Le programme du Nouveau Front Populaire propose d’« augmenter les salaires par le passage du SMIC à 1 600€ net par mois » dans les 15 premiers jours d’un éventuel mandat. Compte tenu du niveau du SMIC actuel (1 398,70 € net par mois), cela correspond à une hausse de 14,4%. Cette hausse ne peut toutefois pas s’apparenter entièrement à un coup de pouce dans la mesure où, à l’aune des dernières prévisions d’inflation de l’Insee, une revalorisation automatique de 2% du Smic serait proposée en août 2024, ramenant le « coup de pouce » à 12,4 %.

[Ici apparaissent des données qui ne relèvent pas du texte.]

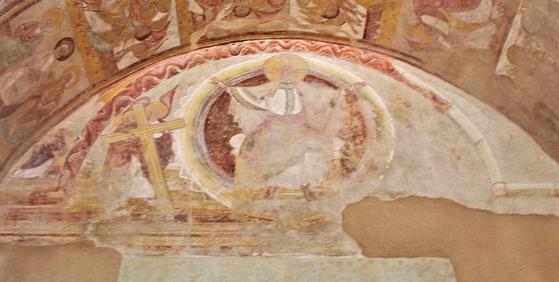 | サン・サヴァンでは、神はキリストのように描かれています。当時は通常、神は天から差し出される手で表現されていました。また神は、人間より大きく描かれています。 | ||
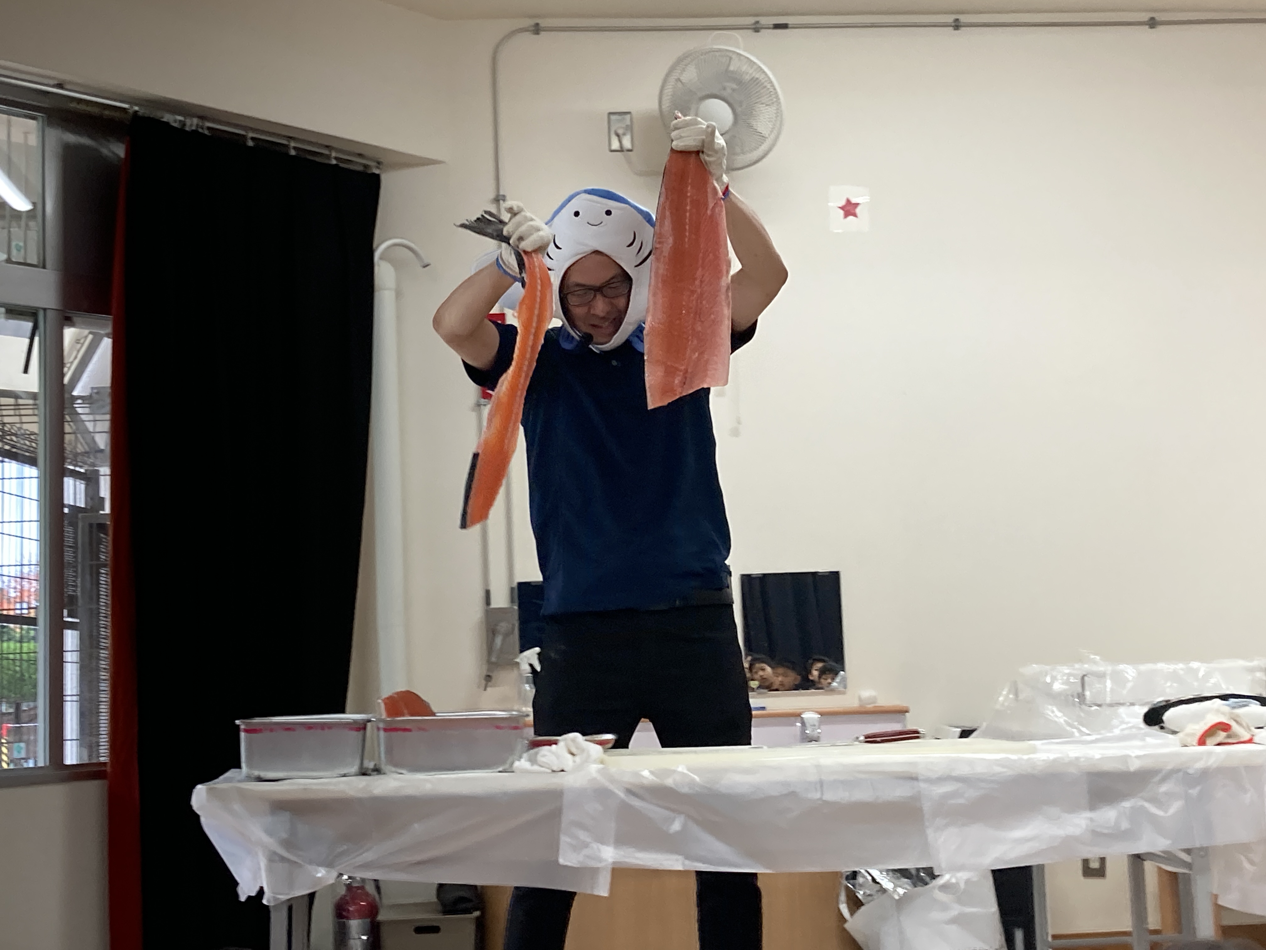 今日はホールで魚の解体を見ました
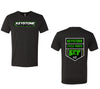 New Keystone Cycle Parts logo on the front and traditional shield logo on the back - green logos on either vintage black or premium heather colored shirts
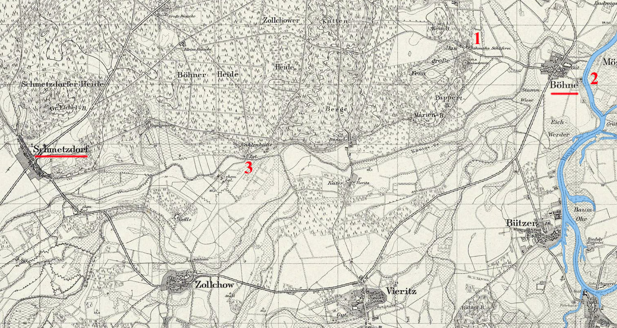 Böhne: 1 Zgl. Schäferei Böhne. 2 Zgl. An der Havel. 3 Zgl. Kahlenhütte (bei Schmetzdorf) vergrößern ...
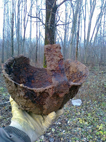 Попадается и такое, я на сигнал меди чет поленился лишний раз копнуть, а камрад поднял ))) Наука, ПРОВЕРЯЙТЕ ВСЕ СИГНАЛЫ!!! Иногда по войне попадается и такое, колокольчик найден на позициях в корнях дерева
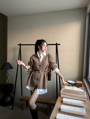 【Z830122】韓系V領針織罩衫+襯衫兩件套
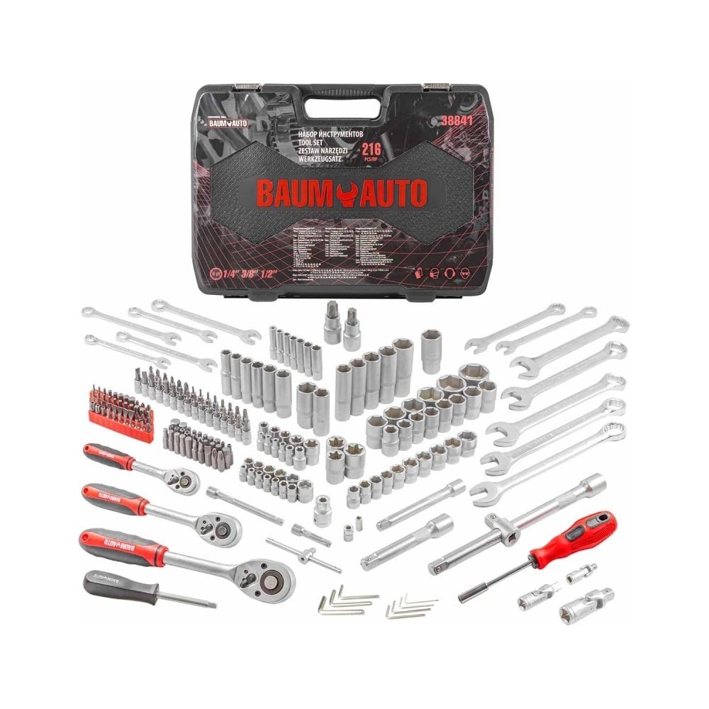 Набор инструментов BaumAuto из 216 в кейсе - профессиональный инструмент с гарантией качества.Набор применяется для ремонта на СТО, мастерских, производствах, в гараже, в дороге, на даче и дома в быту. Все его составляющие изготовлены из особо прочной легированной стали и могут применяться для производства работ повышенной сложности, создающих предельно высокие нагрузки на инструмент. В комплект входит удобный кейс, который легко поместится в багажник вашего авто.Кроме того, этот набор инструментов идеально подходит для использования дома. Будь то небольшой ремонтный проект или крупное строительство, этот комплект поможет вам быстро и легко завершить любую работу. Инструменты выполнены из высококачественных материалов, чтобы обеспечить долговечность и надежность.

Le SMIC, à l’instar des autres salaires, a un statut ambivalent : il peut être considéré comme une variable de demande si l’on se place du côté des salariés mais constitue une variable d’offre pour l’entrepreneur. Par conséquent, une hausse du SMIC correspond à un choc de demande favorable pour les salariés et à un choc d’offre défavorable pour les chefs d’entreprise hors effet des exonérations de cotisations. Dans un contexte de faible diffusion, ces deux effets de sens inverse ne se compensent pas :
L’aspect « soutien de la demande » se limite aux seuls salariés proches du SMIC. Ceux-ci ont certes une propension marginale à consommer forte – le taux d’épargne n’augmente pas avec cette mesure – mais le nombre restreint de bénéficiaires limite les effets sur la consommation des ménages au niveau macroéconomique. Le supplément de revenu lié à cette augmentation du SMIC génèrerait 142 000 emplois ;
L’aspect « hausse du coût du travail » est fortement destructeur d’emplois en l’absence de mesures d’accompagnement: l’élasticité de l’emploi au coût du travail étant décroissante avec le salaire, la faible diffusion du SMIC sur les autres salaires augmentera peu le coût du travail au niveau macroéconomique mais, étant concentrée sur les bas salaires, l’élasticité moyenne sera forte. La hausse du coût du travail liée à la hausse du SMIC détruirait 322 000 emplois. Au total, selon notre simulation, une hausse de 12,4 % du SMIC, hors effet liés aux baisses de cotisations, entraînerait une destruction de 180 000 emplois au cours de la première année (tableau 1), sans tenir compte des exonérations de cotisations supplémentaires liées à la hausse du SMIC et à sa diffusion sur les autres salaires.
Les salaires n’étant pas indexés sur le SMIC, un coup de pouce ne se répercute donc pas automatiquement sur la grille des salaires. Selon notre estimation, une hausse de 1 % du SMIC entraînerait une hausse moyenne des salaires de l’ensemble du secteur marchand de seulement 0,1 %. Or, à législation inchangée, les exonérations de cotisations liées à la hausse du SMIC sont d’autant plus forts que la diffusion est faible. Plus la baisse du salaire relatif (en % du SMIC) est importante, plus le taux moyen d’exonération de cotisations augmente en raison du profil dégressif des exonérations de cotisations sociales patronales. Finalement, si les mesures d’exonérations restaient inchangées, la baisse du coût du travail liée au supplément d’exonération de cotisations permettrait la création de 151 000 emplois.
Au total, comme le résume le tableau 1, à l’horizon d’1 an, et toutes choses égales par ailleurs, l’effet d’une hausse de 12,4 % du SMIC détruirait 29 000 emplois et dégraderait de 0,3 point de PIB les finances publiques.
Le financement de cette mesure entraînerait des pertes d’emplois supplémentaires : selon le mode de financement retenu, les pertes d’emplois seraient proches de 50 000.